**Input data**:
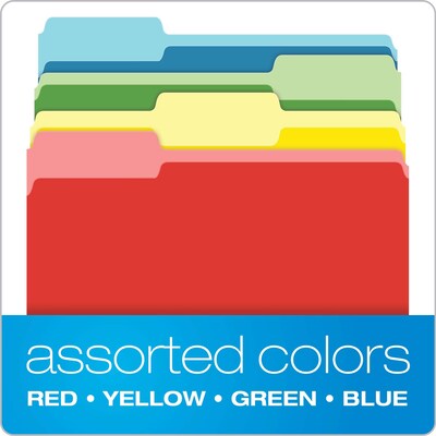 This Pendaflex® Hanging File Folder Combo Kit helps you get organized right away, so you can stay productive at the office or while working from home. Each kit contains 25 letter-sized blue, green, red and yellow hanging folders with 1/5 cut plastic tabs and white paper inserts and 50 letter-sized blue, green, red and yellow file folders. The hanging file folders have 5 positions for labeled tabs and the 1/3 cut color-coordinated file folders come in 3 tab positions for handwritten or sticker labels. Organize homeschool projects and classwork by student or subject.
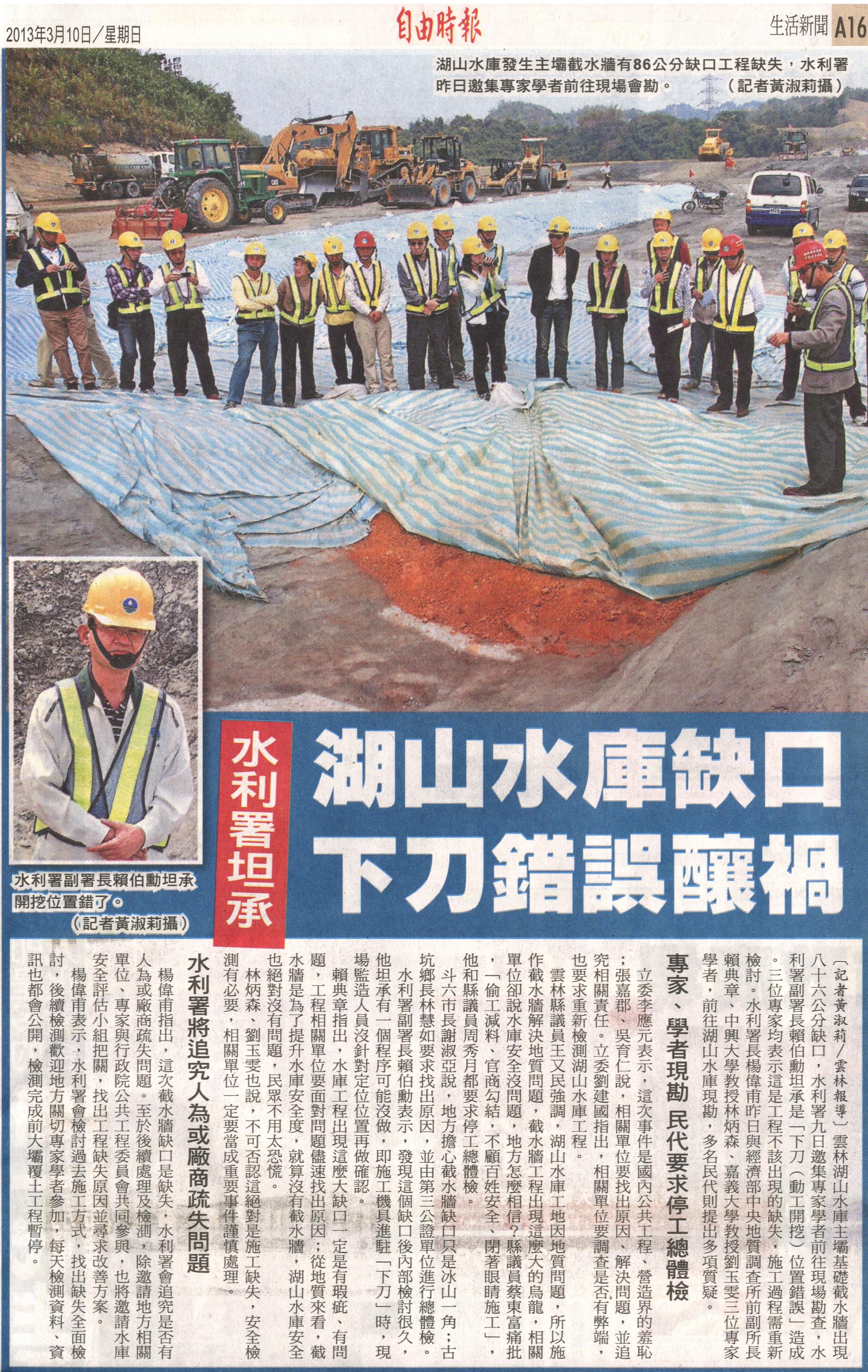 雲林湖山水庫主壩基礎截水牆出現八十六公分缺口,水利署九日邀集專家學者前往現場勘查,水利署副署長賴伯勳坦承是「下刀(動工開挖)位置錯誤」造成。三位專家均表示這是工程不該出現的缺失,施工過程需重新檢討。水利署長楊偉甫昨日與經濟部中央地質調查所前副所長賴典章、中興大學教授林炳森、嘉義大學教授劉玉雯三位專家學者,前往湖山水庫現勘,多名民代則提出多項質疑。
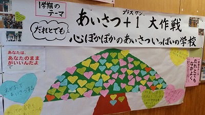 学校での掲示物。来校された時にゆっくりご覧ください。子どもたちへのメッセージがそこにあります。
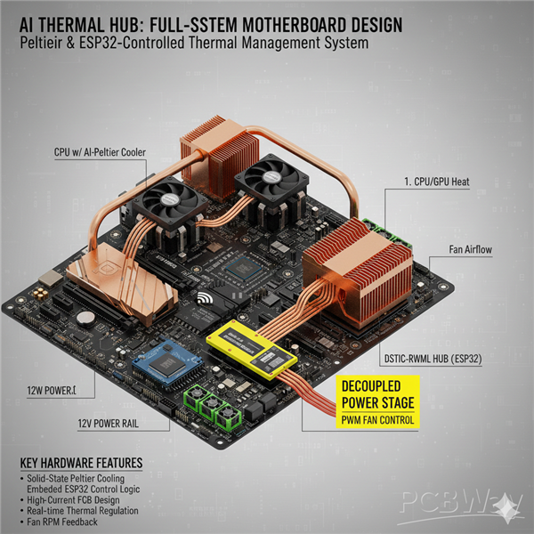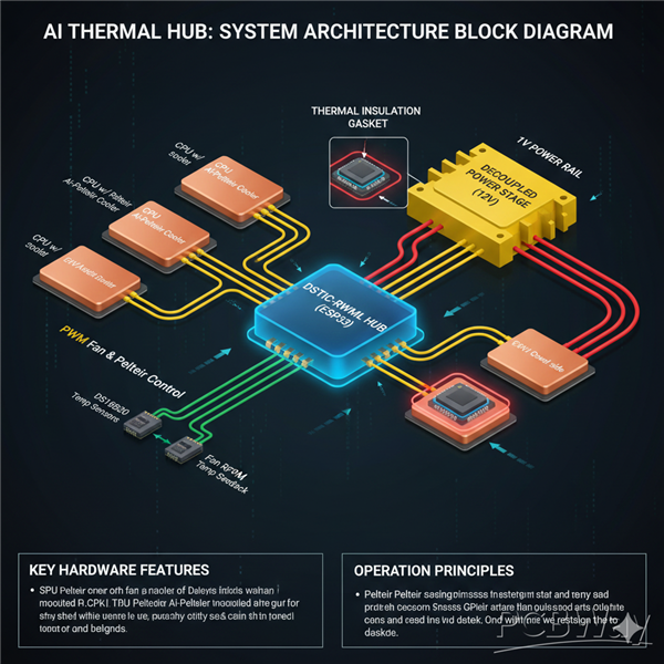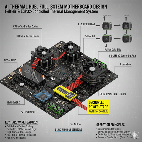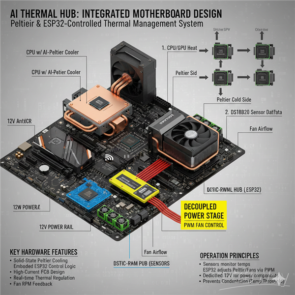 The system is built as an independent "AI Thermal Hub" that interfaces directly with the PC’s Power Supply Unit (PSU).

**Instructions for the task**: The data above should be returned in full, exactly as written, apart from its images.

**Output for this exercise**:
 This Pendaflex® Hanging File Folder Combo Kit helps you get organized right away, so you can stay productive at the office or while working from home. Each kit contains 25 letter-sized blue, green, red and yellow hanging folders with 1/5 cut plastic tabs and white paper inserts and 50 letter-sized blue, green, red and yellow file folders. The hanging file folders have 5 positions for labeled tabs and the 1/3 cut color-coordinated file folders come in 3 tab positions for handwritten or sticker labels. Organize homeschool projects and classwork by student or subject.
 雲林湖山水庫主壩基礎截水牆出現八十六公分缺口,水利署九日邀集專家學者前往現場勘查,水利署副署長賴伯勳坦承是「下刀(動工開挖)位置錯誤」造成。三位專家均表示這是工程不該出現的缺失,施工過程需重新檢討。水利署長楊偉甫昨日與經濟部中央地質調查所前副所長賴典章、中興大學教授林炳森、嘉義大學教授劉玉雯三位專家學者,前往湖山水庫現勘,多名民代則提出多項質疑。
 学校での掲示物。来校された時にゆっくりご覧ください。子どもたちへのメッセージがそこにあります。
 The system is built as an independent "AI Thermal Hub" that interfaces directly with the PC’s Power Supply Unit (PSU).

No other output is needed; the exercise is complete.